De geïntimeerde had haar eis gewijzigd, maar het hof oordeelde dat deze wijziging ook buiten beschouwing moest blijven, omdat de mogelijkheid van eiswijziging in hoger beroep beperkt is. Het hof had in het tussenarrest al geoordeeld dat de door PME voorgestelde grieven gegrond waren, maar dat de primaire vordering van de geïntimeerde niet voor toewijzing vatbaar was. De subsidiaire vorderingen van de geïntimeerde werden eveneens afgewezen.

Het hof concludeerde dat de geïntimeerde niet had aangetoond dat zij belang had bij een verklaring voor recht dat het korten van de overdrachtswaarde in strijd was met de Pensioenwet of de Pensioen- en spaarfondsenwet. De geïntimeerde had niet voldoende onderbouwd dat zij aan haar werknemers toezeggingen had gedaan tot hogere pensioenen dan die door PME waren gerealiseerd.

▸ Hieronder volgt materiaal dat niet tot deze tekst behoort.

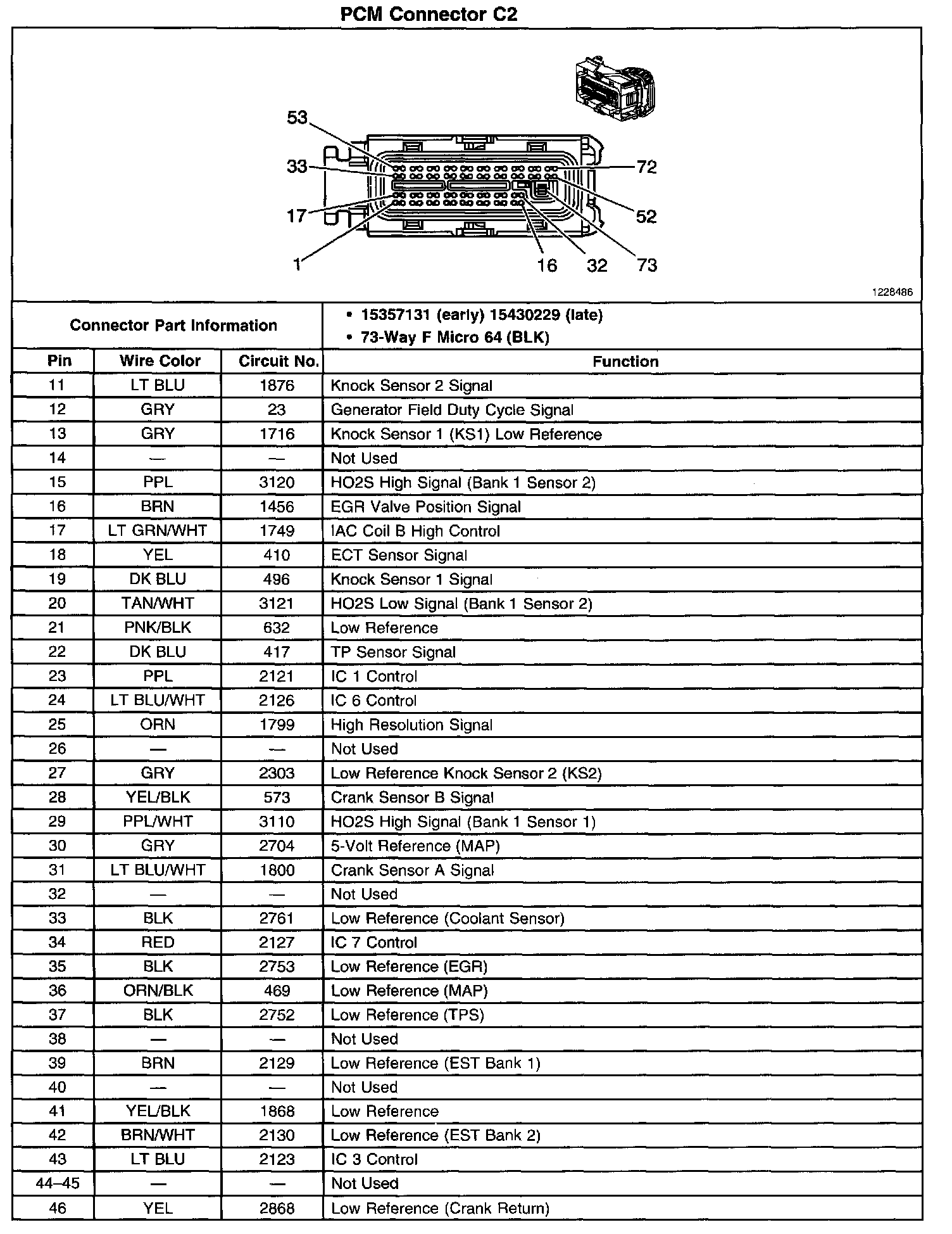 Powertrain Control Module (PCM) Connector C2

Uiteindelijk vernietigde het hof de vonnissen van de kantonrechter en wees het de vorderingen van de geïntimeerde af. De geïntimeerde werd veroordeeld in de proceskosten van zowel de eerste aanleg als het hoger beroep, met een uitvoerbaar bij voorraad verklaring.

Uitspraak

GERECHTSHOF AMSTERDAM

afdeling civiel recht en belastingrecht, team II
zaaknummer : 200.069.897/01
zaaknummer rechtbank Amsterdam: 1075682 CV EXPL 09-28079
arrest van de meervoudige burgerlijke kamer van 27 augustus 2013
inzake
de stichting
STICHTING PENSIOENFONDS VAN DE METALEKTRO,
gevestigd te Amsterdam,
appellante,
advocaat: mr. O.F. Blom te Amsterdam,
tegen
de besloten vennootschap met beperkte aansprakelijkheid
[geïntimeerde],
gevestigd te [woonplaats],
geïntimeerde,
advocaat: mr. B. van Tilburg te Amsterdam.
Partijen worden hierna PME en [geïntimeerde] genoemd.

1.Het verdere verloop van het geding in hoger beroep

Op 25 september 2012 heeft het hof in deze zaak een tussenarrest uitgesproken. Voor het procesverloop tot die datum verwijst het hof naar dat arrest.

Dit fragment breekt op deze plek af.